Three years earlier, she had taken over the dealership from her father—a tough, principled man who didn’t just sell cars, but a lifestyle. Following his footsteps, Victoria built the business strictly: no short skirts, no baby-talk to customers—everything methodical, with CRM systems and solid profit margins. Within two years, she not only returned the dealership to profitability but had also started plans for a second location in Podolsk.
Then came Dmitriy. Charming, attentive, praising her endlessly: “I’m so proud of you,” “You’re incredible.” Three months of dating followed by an engagement, a wedding, his belongings filling her apartment, and his coffee mug nestled alongside hers. They called it love.
But reality quickly unraveled.
“He came into my office,” Victoria continued, staring off into space. “With that look like: ‘Brace yourself for some genius words.’ Then he says, ‘Vic, my mom worries you’re taking on too much. We thought…’
“Wait!” Lidka interrupted. “‘We’? Did he really say ‘we’ like you both are some kind of partners?”
“Exactly. As if they own shares now and decide who runs the business.”
Lidka whistled sharply.
“Wait, that Anton guy? He’s holed up somewhere in Krasnogorsk stacking paperwork in his building materials store. Does he even know where a car’s hood opens?”
“He doesn’t need to. He wants an office, a chair, a driver—everything inherited. The dealership is a ‘family asset,’ as his mother puts it.”
Ah, Elena Pavlovna, the mother-in-law. On first impression, a refined woman with glasses, perfectly styled hair, and the scent of rose soap. But once she opened her mouth, the mask cracked—Victoria was the runt daughter-in-law, submissive and under her thumb.
From the start, Elena Pavlovna had despised Victoria for her independence and self-sufficiency, building the business without their approval.
“Now look at this,” Victoria showed Lidka an email on her phone. “Official message sent to my corporate mailbox: ‘Due to workload and frequent negotiations, I propose considering Anton as deputy for administrative matters.’”
“From whom?”
“From Dmitriy himself. Official letter.”
“Scumbag,” Lidka breathed out.
“You don’t get it. I asked him at home that night about this nonsense. He said, ‘Vic, you said yourself you’re tired. Besides, Anton is family.'”
“And your reply?”
Victoria paused, biting her lip. “I told him that if Anton so much as stepped foot in the company, I’d personally whack him with the scanner.”
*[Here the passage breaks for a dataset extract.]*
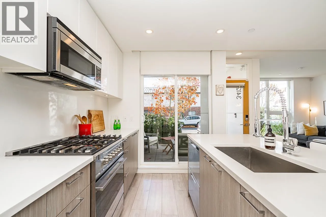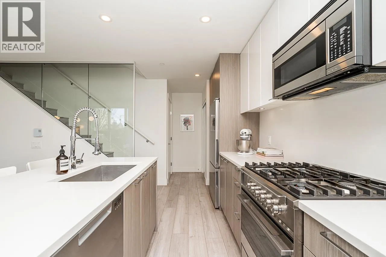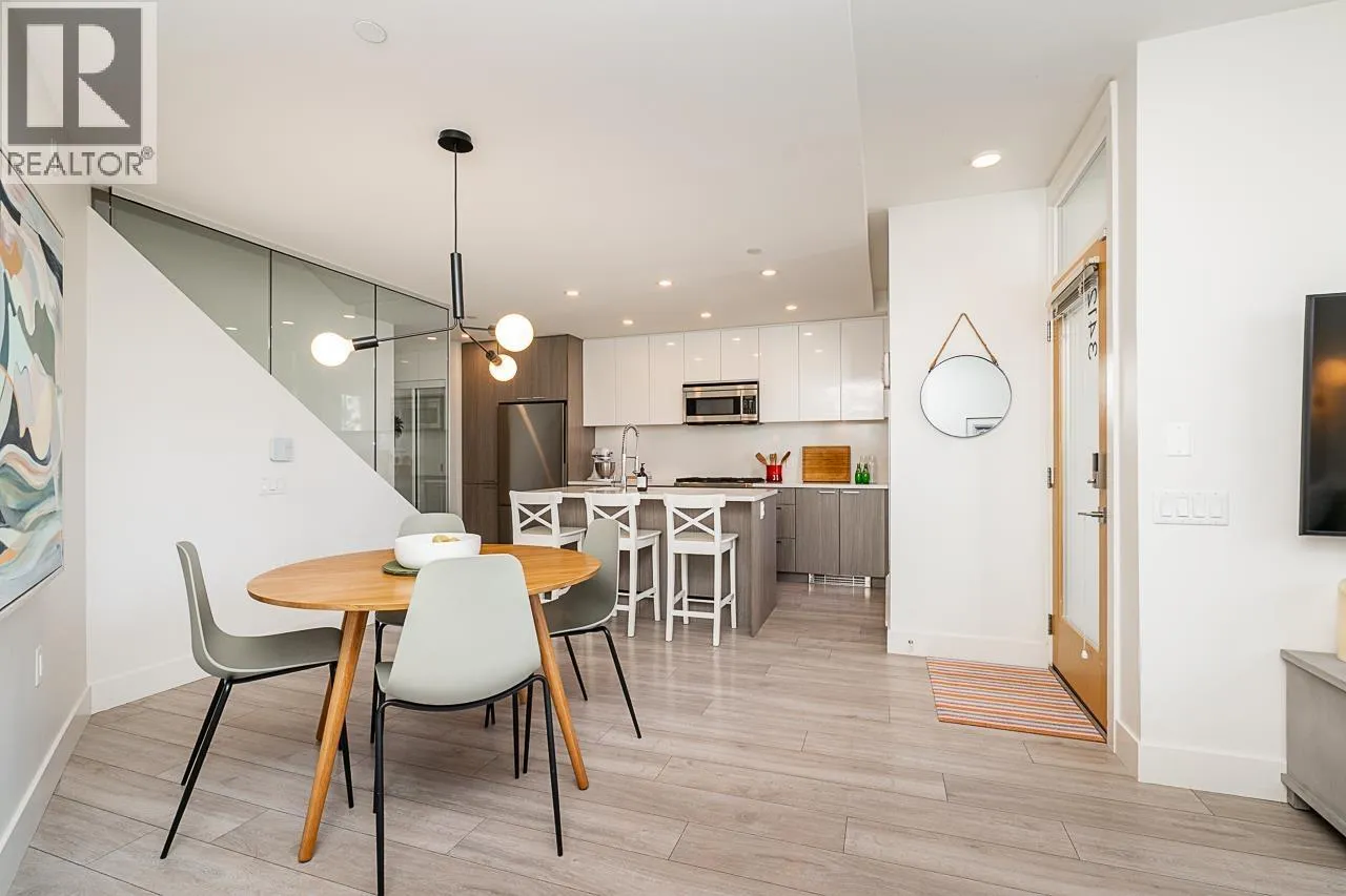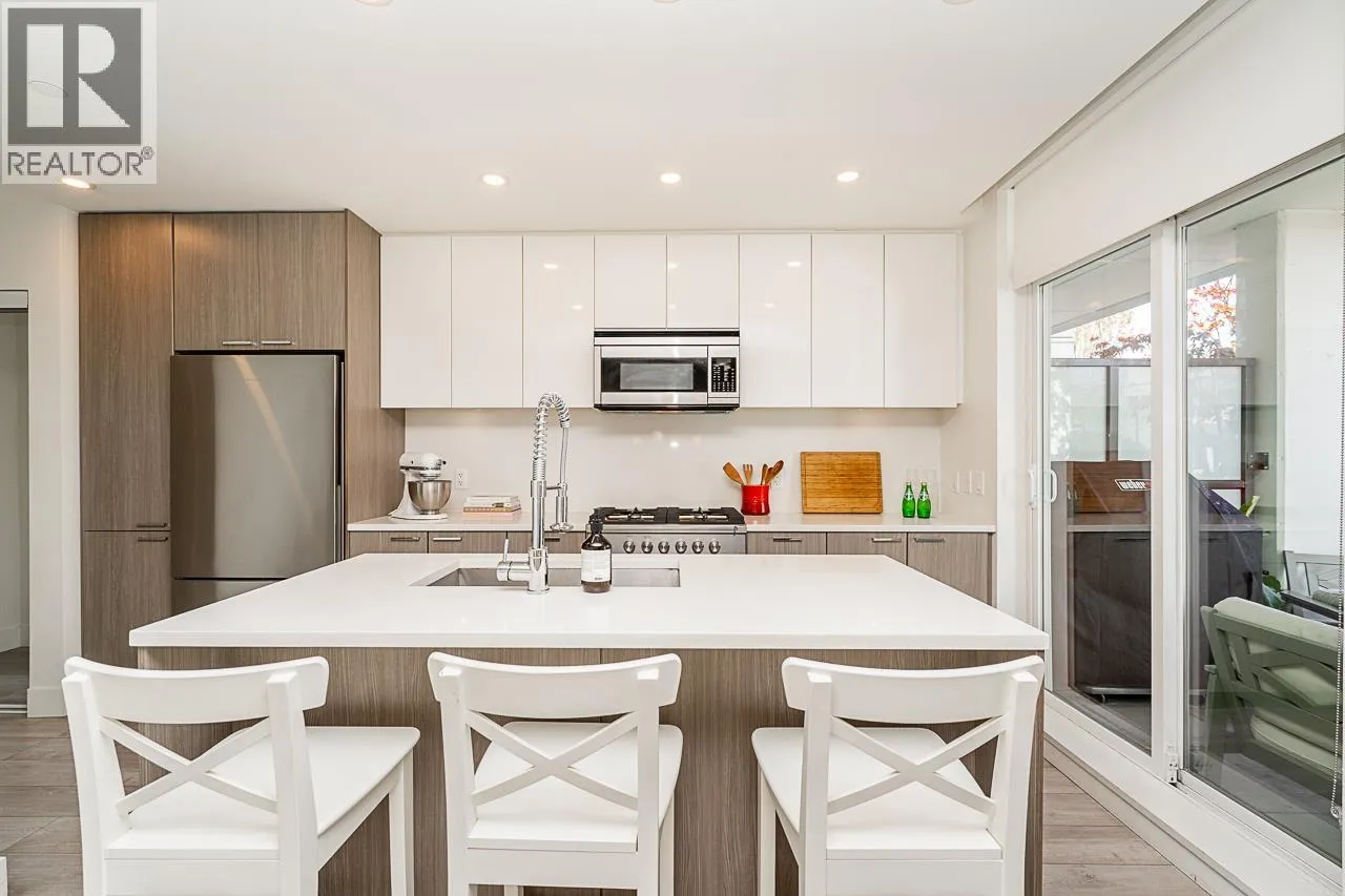 This gorgeous townhome offers a private walk-up entry, 2-beds + den, 3-baths, & 1,102 sqft of sophisticated interior space. Main level boasts a thoughtfully designed open-concept layout with wide-plank flooring throughout; powder rm; kitchen with luxury appliances, including gas range, excellent cabinet & counter space, island with breakfast bar, & sliding door access to the private covered front patio that offers year-round space for al-fresco entertaining. Floor-to-ceiling windows in the living rm offer W-exposure & welcome in abundant natural light. Upper level features primary bed with ensuite; secondary bed & bath; den/potential 3rd bed; &, conveniently located laundry. Includes U/G parking, storage locker, & balance of new home warranty. (id:27476)

Dinner was silent afterward. Dmitriy chewed his cutlet as if inspecting a microchip, smirking at his phone while Victoria mechanically pushed salad leaves around her plate—yes, she had cooked the meal.
“You still haven’t apologized,” Dmitriy finally said.
“For what? For not having a golden throne ready for your mother in this house?”
“Don’t start,” Dmitriy sighed. “I was only trying to help. Just offering an option. Anton could handle some tasks.”
“You want me to bring in a man who can’t even tell a Toyota from a Nissan?” she snapped.
“You’re exaggerating. He’s an adult. Besides, Mom thinks…”
“Again with Mom! Let her run the business if she’s so clever!”
He rose abruptly, leaving his meal half-eaten, slamming the plate into the sink.
“I’m trying to bring order,” he said. “And your reaction is like you’ve been blown up.”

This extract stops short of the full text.